A token is a piece of text—sometimes a whole word (“cat”), sometimes part of a word (“ing”), or even punctuation (“.”). Models generate responses token by token, so limiting the number of tokens directly limits how long a response can be.
How to Use
Step 1: Find the Max Tokens setting
Go to the Model Details page.
In the test/playground area, you’ll see a field for Max Tokens.
Adjust this number to control response length during testing.
Step 2: Decide when to lower Max Tokens
Use a lower value (e.g., 50–100 tokens) when:
You want short, snappy responses.
You’re testing classification or yes/no answers.
You want to keep responses fast and resource-efficient.
Step 3: Decide when to raise Max Tokens
Use a higher value (e.g., 300–500+ tokens) when:
You expect long explanations or multi-step reasoning.
You’re generating creative text, summaries, or translations of long passages.
You don’t want the model to get cut off mid-response.
Step 4: Balance length vs. control
If Max Tokens is too low, the model may stop in the middle of a sentence.
If Max Tokens is too high, the model may generate more than you need—longer responses, slower inference, and higher compute usage.
Tips & Best Practices
Match the setting to your task: Keep Max Tokens tight for structured tasks, and higher for open-ended generation.
Iterate to find the sweet spot: Start with 200 tokens, then adjust up or down depending on your use case.
Don’t confuse it with Temperature: Temperature changes how random responses are, while Max Tokens changes how long they can be.
Think tokens, not words: One word is often 1–2 tokens.
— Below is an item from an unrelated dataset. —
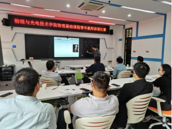 为进一步激发和鼓励青年教师投身物理基础课程教学,提升教学水平、交流教学经验、提高教学质量,4月30日,太阳集团tyc539在教学主楼201教室成功举办物理基础课程青年教师讲课比赛。本次比赛吸引了9名担任大学物理课程的主讲教师同台竞技,展现青年教师在教学一线的风采与实力。

A Max Tokens of 200 usually means ~150 words, but this varies by language and punctuation.
Troubleshooting
My response is cut off mid-sentence
My response is cut off mid-sentence
Raise the Max Tokens value so the model has enough room to complete its output.
The model’s responses are too long or rambling
The model’s responses are too long or rambling
Lower the Max Tokens value to keep outputs shorter and more focused.
I don’t understand how many words my Max Tokens setting represents
I don’t understand how many words my Max Tokens setting represents
As a rule of thumb, **1 token ≈ ¾ of a word in English**. So 100 tokens is roughly 75 words. The exact number varies depending on language and punctuation.